Constantine #1 (DC)
We kick things off this week with a comic I picked up on a bit of a whim, the first issue of DC’s new Constantine series. While being a bit of a Hellblazer novice, I’ve definitely enjoyed John’s appearances in Justice League: Dark and the recent Rotworld crossover, so I figured I may as well give this title a quick once-over. And as first impressions go, it didn’t do too badly. Granted, with little previous knowledge of the character, I was fairly oblivious to quite how well it ‘measured up’ to the Vertigo version, but as a jumping-on point to the character, it worked reasonably well. While the plot itself was a little murky and vague, the characterization was fairly solid and gave a good idea of just what to expect from our smug, self-serving-but-charming-with-it anti hero as this title moves forwards.
Renato Guedes brings a detailed hand to the artwork, and really cuts loose when all the spells and demons start appearing, giving the title a sense of energy and an impressive visual style. Lemire and Fawkes do a passable job with the dialogue, although as I mentioned, the plot is undoubtedly a little dull thus far. All in all though, this is a solid if unspectacular comic book that – sadly – didn’t really do enough to suck me in enough to make it a regular addition to the pull list. Maybe if I had more of an investment in the character from his days in Hellblazer, but for me, there wasn’t enough here to make me pull the trigger. Possibly one for the fans, but I think it’s going to be unlikely to draw in many new readers on the strength of this issue alone.
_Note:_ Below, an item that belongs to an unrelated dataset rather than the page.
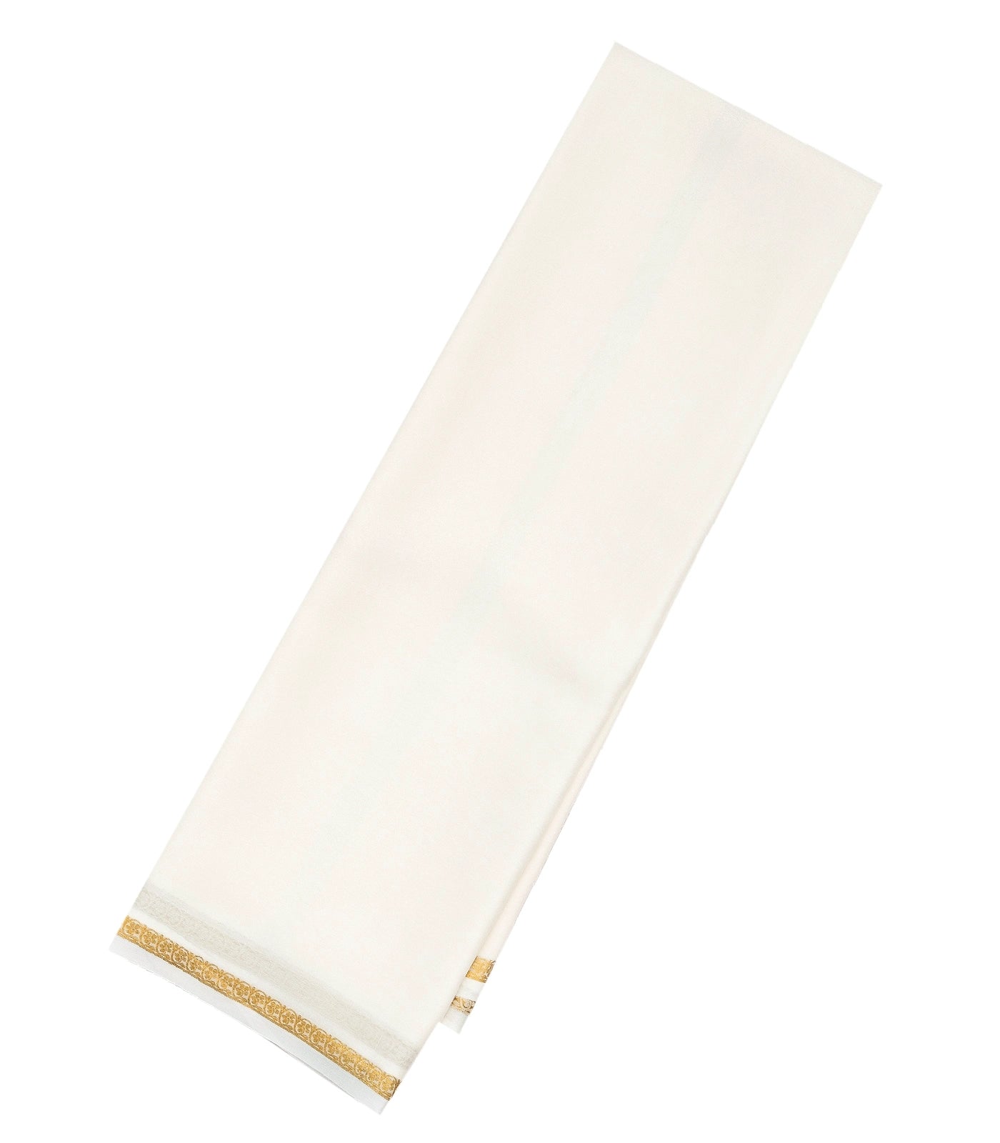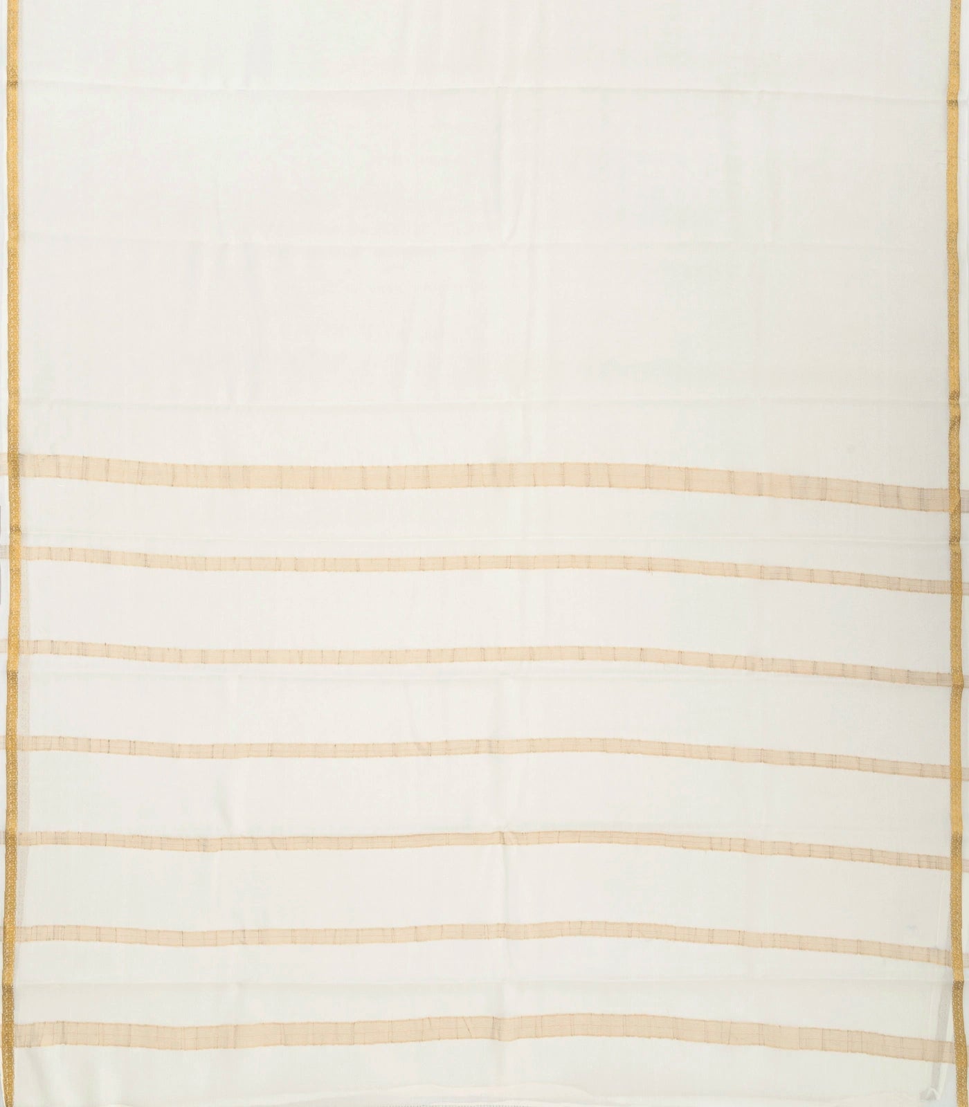White Mysore Silk Saree With Floral Zari Border-MS3022

In what must be a truly shocking development for long-time readers of my reviews, this week features yet another top-quality issue of Mark Waid’s award-winning Daredevil. I know, who would have guessed, right? Aside from a minor wobble with the ‘Coyote’ storyline, this title has been and absolute joy to read since issue one, and shows no signs of breaking that trend any time soon. Waid does a great job in this issue of tying together all the threads that are running through Matt’s life at the moment and showing just how much of a toll they’re having on him. Also, we are finally given an all-too-fleeting glimpse of the orchestrator of Matt’s recent misery, and while this is a welcome sight, it only serves to offer up yet more questions.
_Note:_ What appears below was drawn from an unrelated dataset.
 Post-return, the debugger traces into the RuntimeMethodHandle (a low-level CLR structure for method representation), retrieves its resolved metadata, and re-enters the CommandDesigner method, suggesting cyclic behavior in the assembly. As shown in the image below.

However, all superheroics and thwarting bad guys aside, the undeniable highlight of this comic continues to be Matt’s friendship with his best friend and legal partner Foggy, and his reactions to Foggy’s recent cancer diagnosis. While the villainous conspiracy is an appealing hook, this book shines brightest when it focuses on the smaller, more personal moments in Matt’s life, and – thankfully – that is something Waid excels at. Also, it doesn’t hurt matters when the story is brought to life by Chris Samnee’s beautifully old-school artwork. His thick lines, creative page layouts and tremendous ability to convey drama and movement in a stationary image are on full display here, and continue to give Daredevil one of the most distinct visual styles on the shelves.
I know I’m being predictable and yes, possibly even a little repetitive, but the undeniable fact is that this continues to be an absolutely amazing title that everyone – yes, everyone – would do well to pick up.
In our second dose of Mark Waid goodness for the week, this issue see everyone’s favourite green-skinned behemoth tackling an Atlantean Warlord seven miles beneath the sea. Nice work if you can get it. Now, as we have seen in his other titles, Waid does a tremendous job of switching between light-hearted and serious, and that’s readily apparent here as the diabolical plans of Attuma are contrasted with the innate humour of one of the Lemurians showing her attraction to the Hulk and utter disgust at the ‘pinkling’ Banner. And while the exposition may get laid on a little thick in the beginning of the book, all is instantly forgiven once the Hulk smashing portion comes around.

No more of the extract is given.